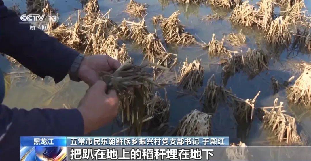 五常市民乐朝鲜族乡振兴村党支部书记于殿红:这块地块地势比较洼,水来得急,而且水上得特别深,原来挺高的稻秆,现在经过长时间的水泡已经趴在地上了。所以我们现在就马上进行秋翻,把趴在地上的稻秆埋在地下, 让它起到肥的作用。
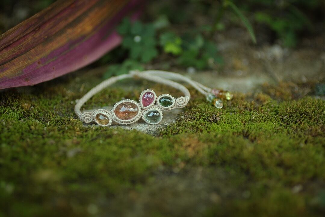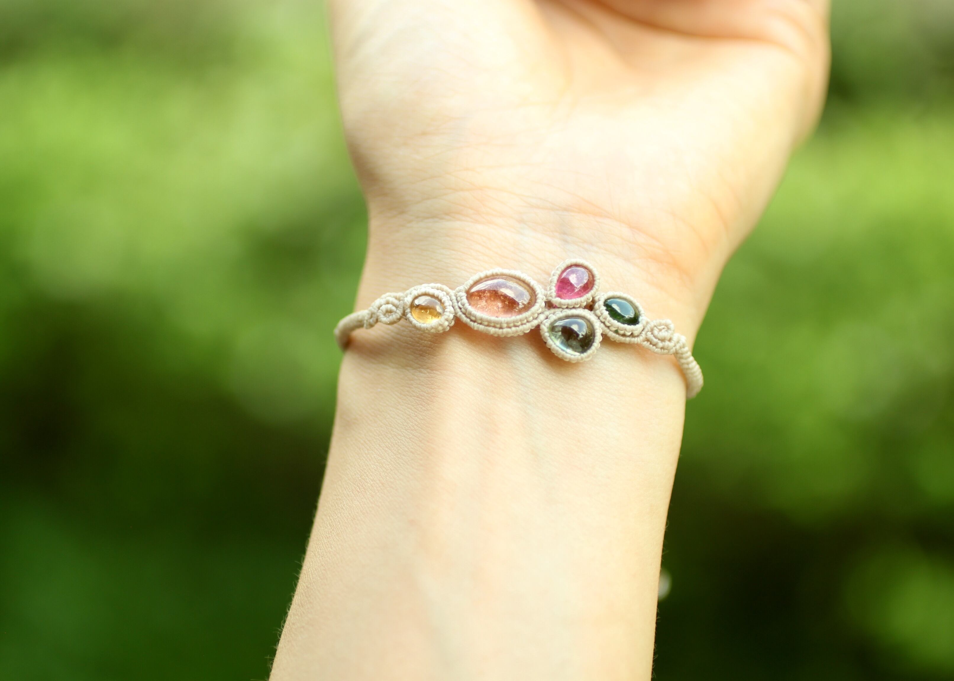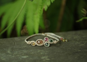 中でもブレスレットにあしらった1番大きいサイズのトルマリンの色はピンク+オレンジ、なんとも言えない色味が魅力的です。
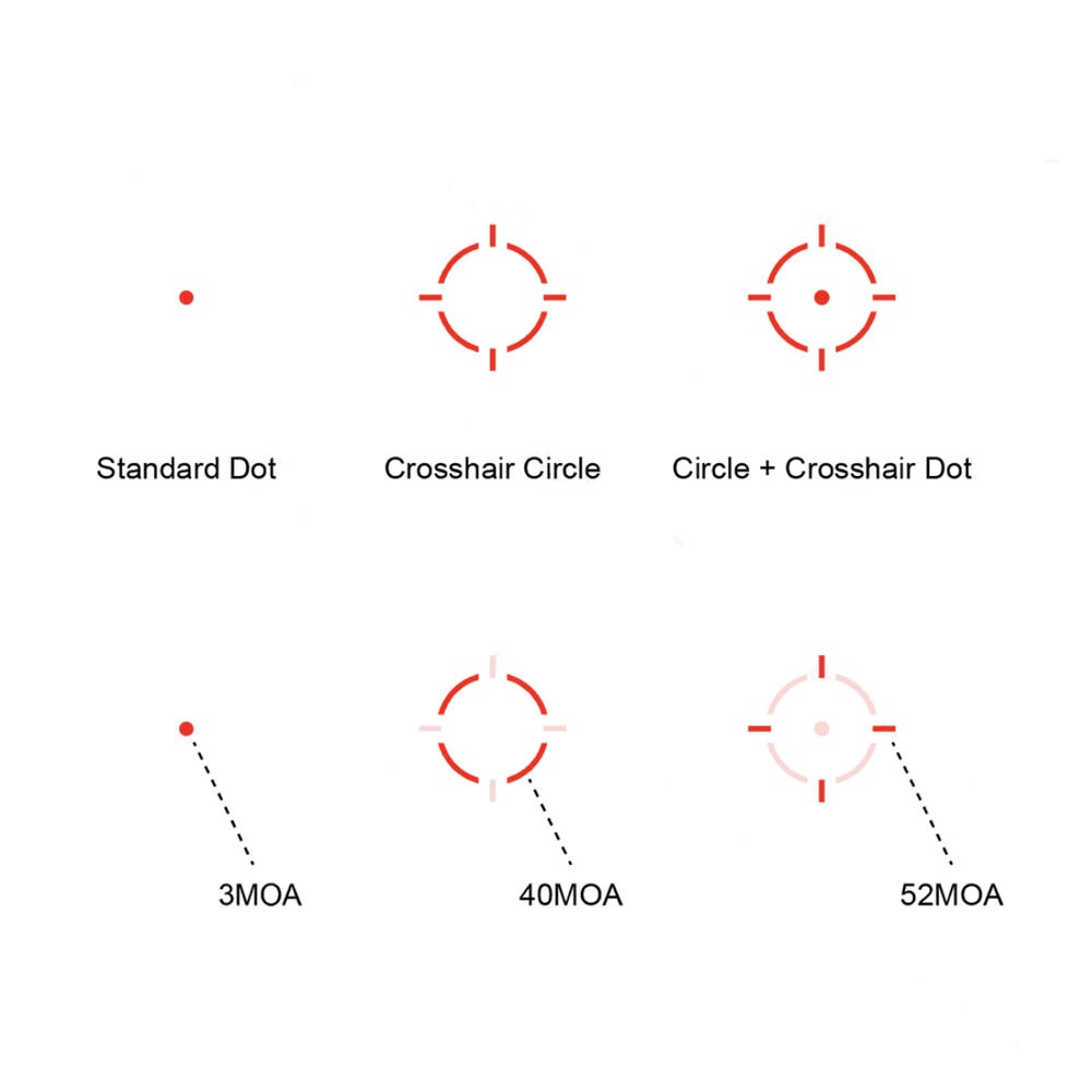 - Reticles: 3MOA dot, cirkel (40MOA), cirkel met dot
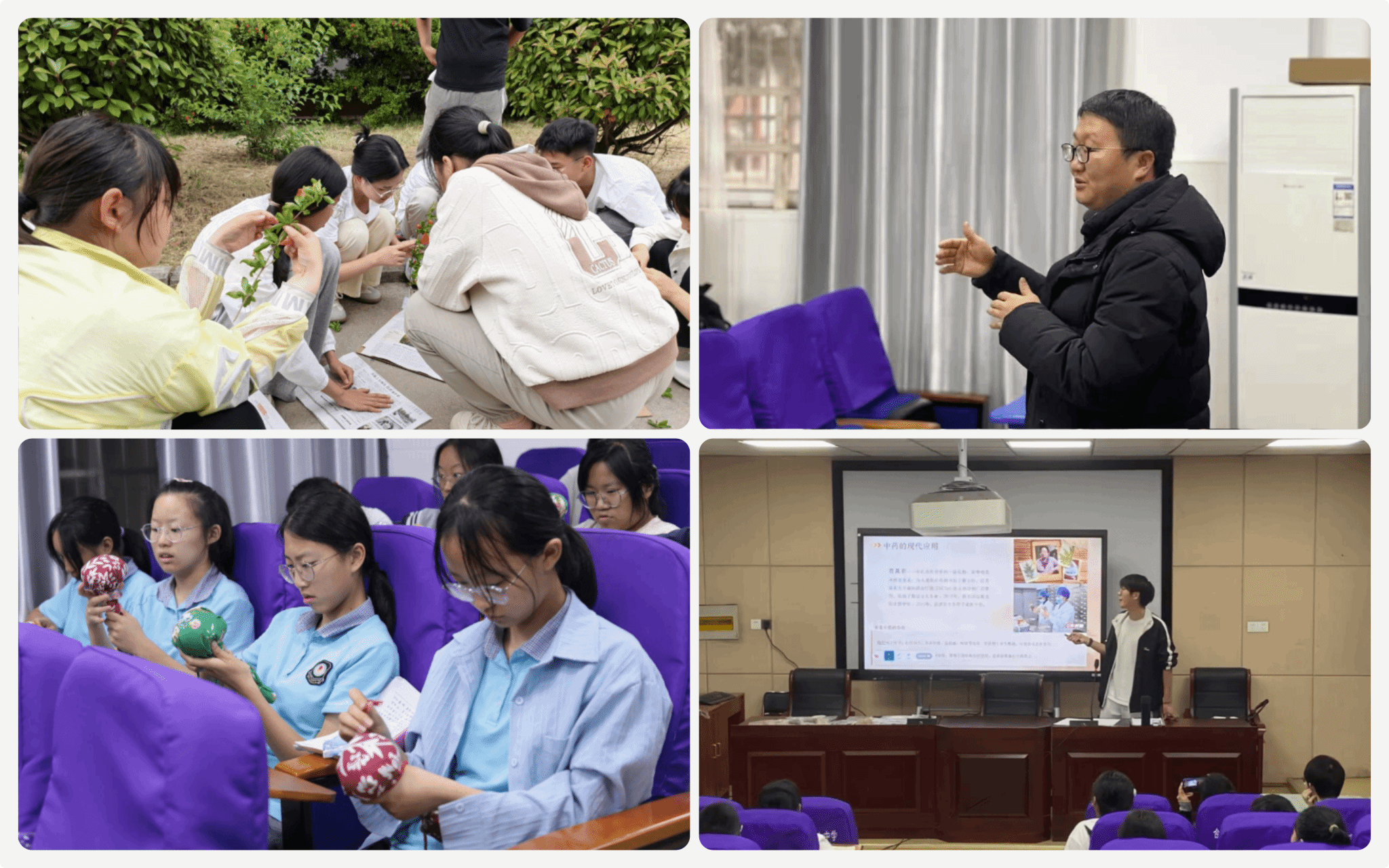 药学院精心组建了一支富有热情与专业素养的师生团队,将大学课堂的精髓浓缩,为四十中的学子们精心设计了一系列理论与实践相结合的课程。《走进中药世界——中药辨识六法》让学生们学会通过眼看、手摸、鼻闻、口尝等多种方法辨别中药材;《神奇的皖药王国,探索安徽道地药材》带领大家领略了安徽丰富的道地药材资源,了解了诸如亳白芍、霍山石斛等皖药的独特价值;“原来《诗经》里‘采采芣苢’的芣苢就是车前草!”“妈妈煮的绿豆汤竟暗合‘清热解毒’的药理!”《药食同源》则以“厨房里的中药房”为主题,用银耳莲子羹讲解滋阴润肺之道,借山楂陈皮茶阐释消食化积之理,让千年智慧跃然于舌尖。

---

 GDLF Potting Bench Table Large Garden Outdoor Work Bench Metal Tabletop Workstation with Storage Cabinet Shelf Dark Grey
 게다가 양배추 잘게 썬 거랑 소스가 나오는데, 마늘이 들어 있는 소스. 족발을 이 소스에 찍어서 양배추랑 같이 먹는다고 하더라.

...

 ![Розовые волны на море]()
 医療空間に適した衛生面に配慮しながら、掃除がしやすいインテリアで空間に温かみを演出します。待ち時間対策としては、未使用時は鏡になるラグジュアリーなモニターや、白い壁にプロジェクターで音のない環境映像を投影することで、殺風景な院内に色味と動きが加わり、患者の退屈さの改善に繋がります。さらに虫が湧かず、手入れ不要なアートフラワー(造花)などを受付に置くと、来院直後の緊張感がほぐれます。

▸ **BRIEF**
Each line above from the one containing "五常市民乐朝鲜族乡振兴村党支" through the one containing "- Reticles: 3MOA" is to be returned verbatim. Nothing else, and no pictures.

▸ **PROBLEM SOLUTION**
 五常市民乐朝鲜族乡振兴村党支部书记于殿红:这块地块地势比较洼,水来得急,而且水上得特别深,原来挺高的稻秆,现在经过长时间的水泡已经趴在地上了。所以我们现在就马上进行秋翻,把趴在地上的稻秆埋在地下, 让它起到肥的作用。
 中でもブレスレットにあしらった1番大きいサイズのトルマリンの色はピンク+オレンジ、なんとも言えない色味が魅力的です。
 - Reticles: 3MOA dot, cirkel (40MOA), cirkel met dot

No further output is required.